User:Zero Linden/Office Hours/2007 Apr 26

From Second Life Wiki
Jump to navigation Jump to search

Transcript of Zero Linden's office hours:

[7:43] Rex Cronon: if the text has a color closer to the background is realllllllllyyyyyyy fuzzzzyyyyy
[7:43] Khamon Fate: Welcome back Zero.
[7:43] Zha Ewry: wb Zero
[7:43] Zero Linden: Fie!
[7:44] Zero Linden: Dang Lindens! Can't write anything?!?!?!
[7:44] Jarod Godel: lol@irony
[7:44] Wyn Galbraith: That's why it's nice to have Lindens in-world.
[7:44] Wyn Galbraith thinks her boyfriend has finally accepted SL. She woke up with the laptop already on the bed beside her.
[7:44] Zero Linden: Yeah - Lindens in world - If I can actually manage to stay logged in!
[7:45] Zero Linden: Ah well
[7:45] Zero Linden: Welcome all
[7:45] Wyn Galbraith: SL does't play favorites.

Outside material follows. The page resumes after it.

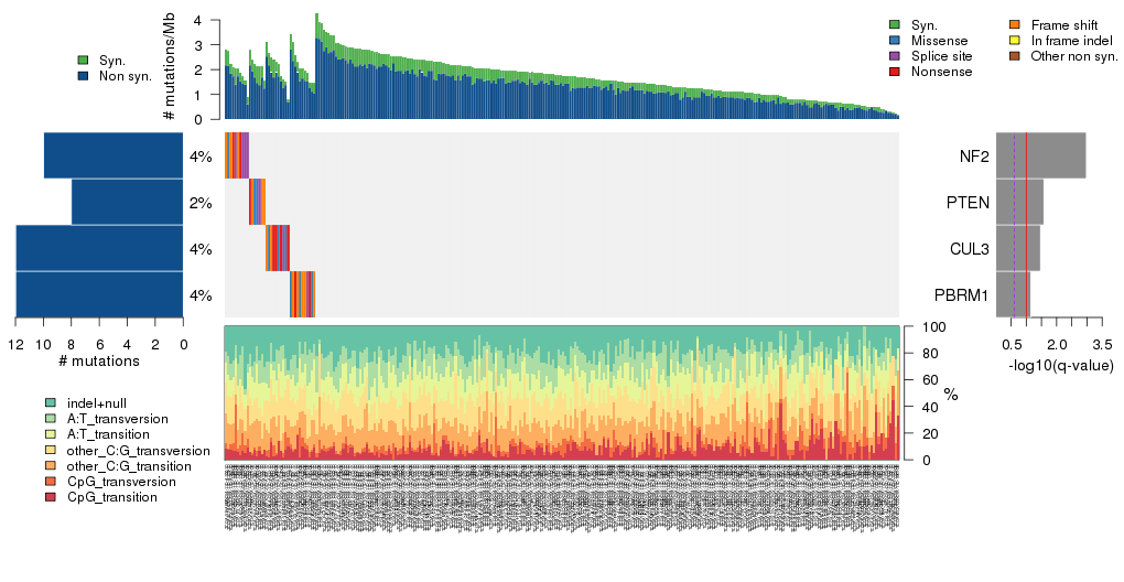 Figure 5. Get High-res Image The matrix in the center of the figure represents individual mutations in patient samples, color-coded by type of mutation, for the significantly mutated genes. The rate of synonymous and non-synonymous mutations is displayed at the top of the matrix. The barplot on the left of the matrix shows the number of mutations in each gene. The percentages represent the fraction of tumors with at least one mutation in the specified gene. The barplot to the right of the matrix displays the q-values for the most significantly mutated genes. The purple boxplots below the matrix (only displayed if required columns are present in the provided MAF) represent the distributions of allelic fractions observed in each sample. The plot at the bottom represents the base substitution distribution of individual samples, using the same categories that were used to calculate significance.

[7:45] Zha Ewry would like to take the graphics group and shake them. As far as she can tell, the new drivers hate ATI chips worse then the old ones
[7:45] Zero Linden: I thought I'd use this morning to give you some behind the seems look at one of our current miseries
[7:45] Wyn Galbraith: Cool.
[7:45] Zha Ewry: Go for it. :-)
[7:46] Zero Linden: So - here's the basics of one of the problems
[7:46] Zero Linden: Turns out that convering agent id's to names is one of the higher queries on the db
[7:47] Zero Linden: which is ironic - as it is one of the least changing parts of the dataset
[7:47] Rex Cronon: lots of scanners/radars do that too
[7:47] Wyn Galbraith: So why bother until the actual name is needed?

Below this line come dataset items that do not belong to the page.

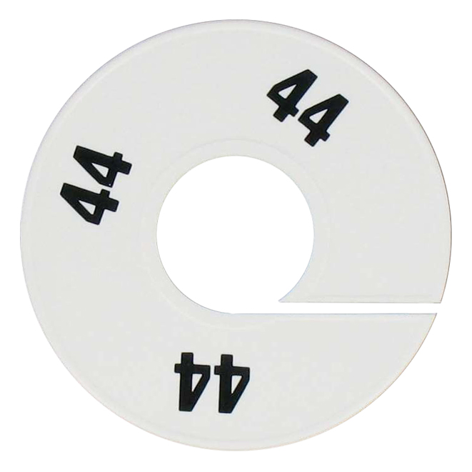 Maatschijf in het wit met zwarte opdruk voor maat 44.
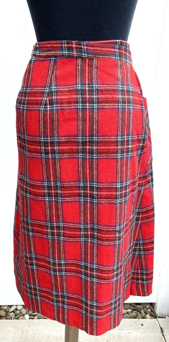 VTG 70s Mr. Stanley Red Tartan Plaid Wrap skirt School Girly Big Pockets Wool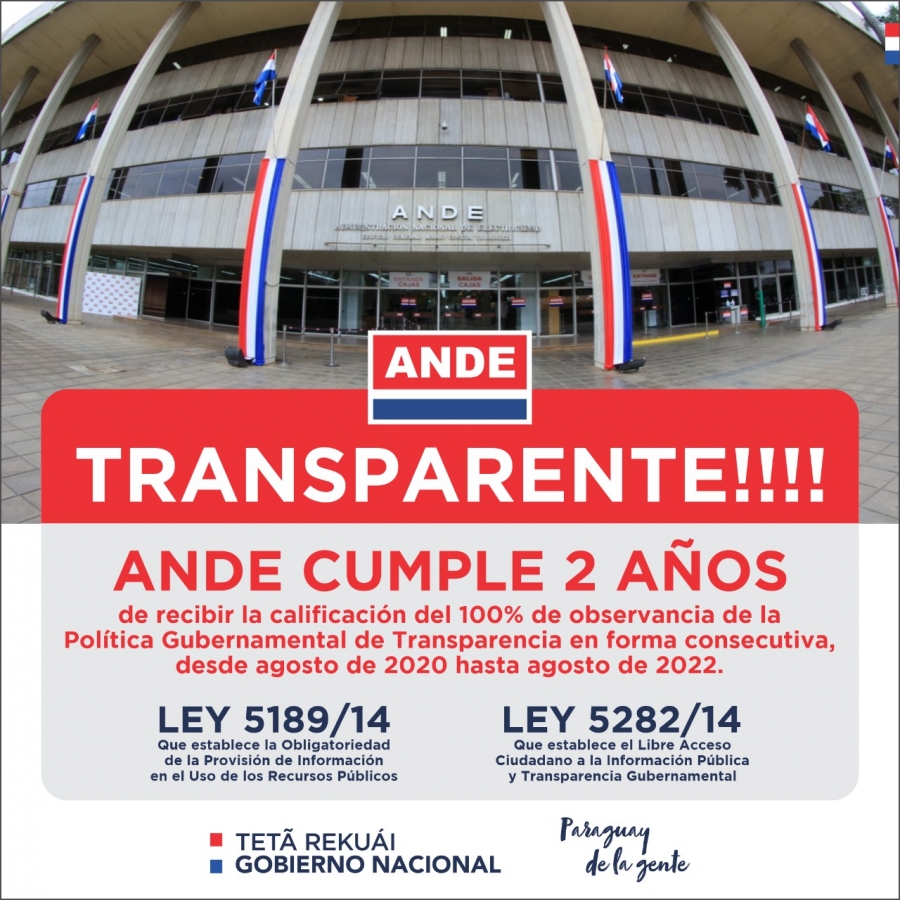 La Administración Nacional de Electricidad ha obtenido por segundo año consecutivo, desde agosto 2020 hasta agosto 2022, el reconocimiento y la calificación del cumplimiento del 100 % en la publicación en su página institucional, de lo estipulado en la legislación gubernamental de transparencia y de información pública a los ciudadanos.

[7:47] Zero Linden: we don't Wyn
[7:47] Wyn Galbraith: Oh.
[7:47] Zero Linden: but it turns out that it is needed alot
[7:48] Zero Linden: Digression: Part of the problem of making the simulator responsible for agents is that they have to all the work that is related to communicating with humans
[7:48] Zero Linden: like, for example, formatting messages saying "so and so" is off line, etc....
[7:48] Khamon Fate: Who you callin human?
[7:48] Zero Linden: which means that they have to know the name mapping for many more agents then they would otherwise care about
[7:49] Khamon Fate: We need names every time we examine something, look at group listing, friends lists, IMs
[7:49] Zero Linden: Well, even you advanced AI systems seem to prefer names to ids....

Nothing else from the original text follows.